In many product liability cases, the plaintiff alleges that a design defect was responsible for the injuries incurred. For example, in a product liability case alleging that a car’s gas tank exploded in rear-end collisions, the plaintiff would allege that the car was defectively designed. In these types of cases, some courts have established a “reasonable design alternative” test. Under this test, a product is defective in design when the foreseeable risks of harm posed by the product could have been reduced or avoided by the adoption of a reasonable alternative design by the seller or other distributor and the omission of the alternative design renders the product not reasonably safe.
Under the reasonable design alternative test, the plaintiff has the burden of demonstrating the existence of an alternative design at the time the manufacturer designed the product. The test does not, however, require the plaintiff to produce a prototype in order to make out a design defect case. Instead, qualified expert testimony on the issue suffices, even though an expert has produced no prototype, if it reasonably supports the conclusion that a reasonable alternative design could have been practically adopted at the time of sale. In addition, other products already available on the market that serve the same or very similar function at lower risk and at comparable cost may serve as reasonable alternatives to the product in question.
How a plaintiff goes about establishing a reasonable alternative design varies from state to state. In some states, a plaintiff can meet the requirements of the test by introducing evidence that the product in question failed to perform as safely as an ordinary consumer would expect when used in an intended or reasonably foreseeable manner. Other states merely require plaintiffs to introduce evidence that the product’s design proximately caused the injury and put the burden on the defendant to prove that, on balance, the benefits of the challenged design outweigh the risk of danger inherent in the design.

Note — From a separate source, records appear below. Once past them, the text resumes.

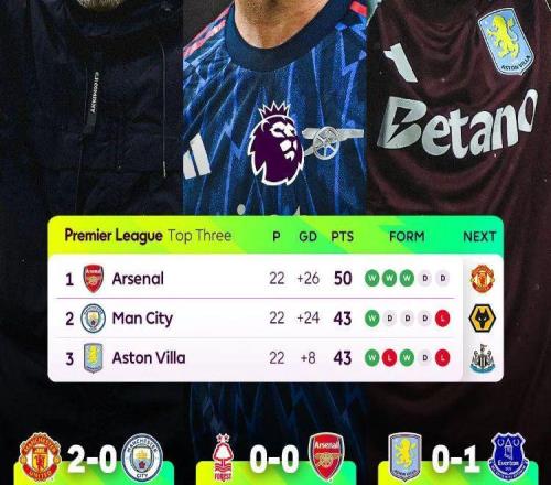 天佑阿森纳!曼城维拉爆冷输球枪手两连平仍7分领跑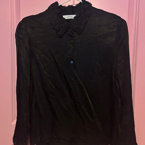 Reserved bluse i størrelse 36, hvit farge. Laget av lett materiale med langermet design og rund hals med snøring foran. Passer til hverdagsbruk. Aldri brukt.
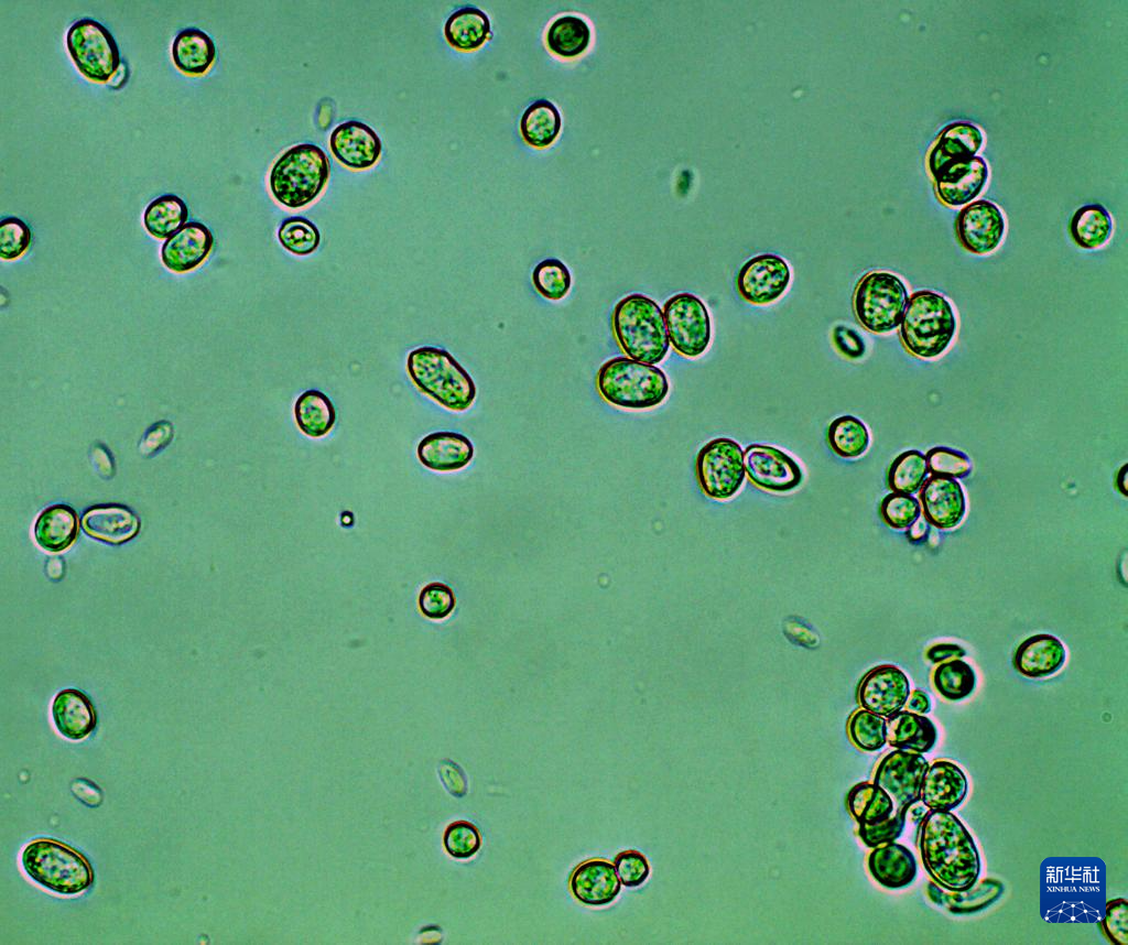 4月3日在沈阳农业大学土肥高效利用国家工程研究中心实验室拍摄的出芽短梗霉细胞(显微摄影)。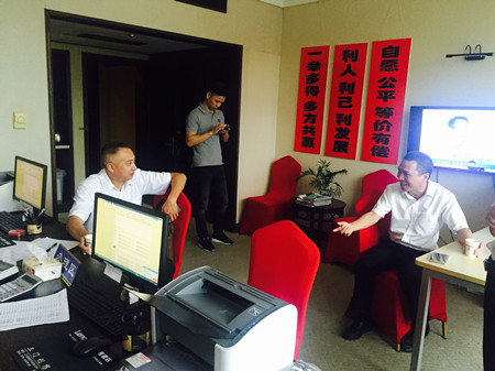 圖為集團(tuán)副董事長(zhǎng)、總經(jīng)理張建平在天臺(tái)收購(gòu)點(diǎn)詳細(xì)詢(xún)問(wèn)收購(gòu)工作具體開(kāi)展情況 張建平向各地方政府前期對(duì)公司股權(quán)收購(gòu)工作的支持表示感謝,他介紹了當(dāng)?shù)嘏_(tái)州高速股權(quán)收購(gòu)進(jìn)展情況,同時(shí)闡明收購(gòu)工作中存在的困難,需要地方政府繼續(xù)對(duì)我們的工作給予支持和幫助。三地政府都表示一定會(huì)全力支持這項(xiàng)工作。仙居縣分管公司股權(quán)收購(gòu)的常務(wù)副縣長(zhǎng)說(shuō),“放心吧,我們一起想辦法,先從持股較多的法人股入手,再化大力氣做小股東工作,一定會(huì)圓滿完成任務(wù)。” 張建平一行先后來(lái)到三地股權(quán)收購(gòu)點(diǎn),向收購(gòu)一線的工作人員表示親切的問(wèn)候。張建平對(duì)大家的工作給予肯定,感謝所有人勤勤懇懇,無(wú)私付出,并希望大家繼續(xù)努力,共同實(shí)現(xiàn)目標(biāo)。工作人員詳細(xì)介紹了日常具體工作方法,他們緊跟公司股權(quán)收購(gòu)總體布局,并結(jié)合當(dāng)?shù)靥厥馇闆r,因地制宜,有序靈活地開(kāi)展股權(quán)收購(gòu)工作。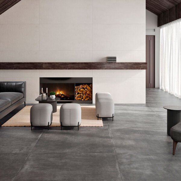 Los modelos Antracita, Blanco, Crema y Gris presentan una paleta de colores inspirados en el cemento y otros materiales urbanos, aportando un toque moderno y elegante a los espacios. El acabado mate de estas baldosas crea una superficie suave y sin brillos, mientras que el gran formato 120×120 potencia la sensación de amplitud y continuidad.

Critics of the reasonable design alternative test argue that the test removes the element of strict liability from the law of product liability, thus limiting consumers’ ability to recover against manufacturers. In jurisdictions that have not adopted the reasonable alternative design test, plaintiffs only need to show that the injury-causing product was unsafe or unfit for its intended or foreseeable use at the time it left the manufacturer’s control and that the injuries sustained arose from the unsafe or unfit condition of the product. Proponents of the test claim that increasing plaintiffs’ burden of proof in product liability actions will limit frivolous suits against manufacturers.